Content starts
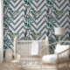 Diese elegante Tapete zeichnet sich durch ein Zickzackmuster und Vögel aus.
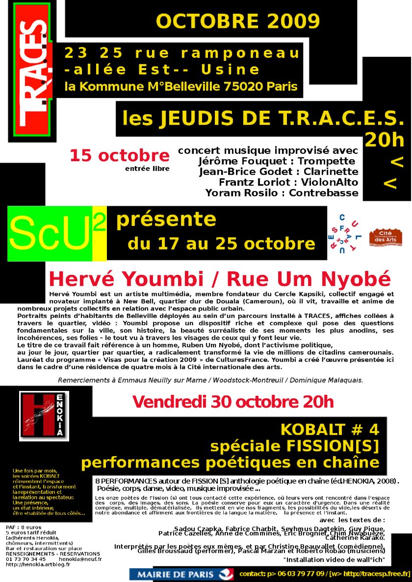 les jeudis de T.R.A.C.E.S. <<�>>> Jeudi 15 octobre 2Oh concert musique improvis�
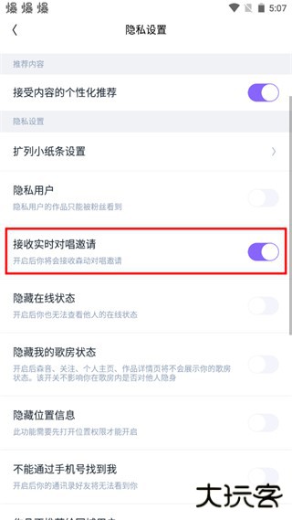 4、选择页面下方【接收实时对唱邀请】选项点击右边按钮开启。
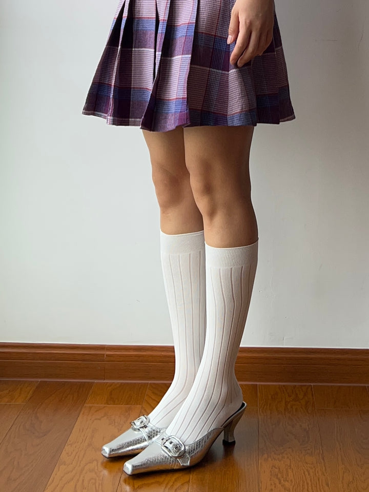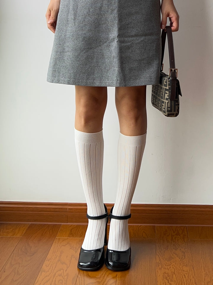 White 240 N Cotton Knee High Socks
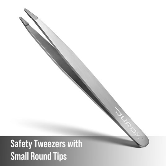 Designed with small round tips, these safety tweezers gently remove chin hair without scratching and shape brows without the risk of overplucking.
Content ends
Please return, exactly and with pictures omitted, the lines from the line holding "les jeudis de" through the end of the data above, inclusive.

◆ **Answer to this task**:
 les jeudis de T.R.A.C.E.S. <<�>>> Jeudi 15 octobre 2Oh concert musique improvis�
 4、选择页面下方【接收实时对唱邀请】选项点击右边按钮开启。
 White 240 N Cotton Knee High Socks
 Designed with small round tips, these safety tweezers gently remove chin hair without scratching and shape brows without the risk of overplucking.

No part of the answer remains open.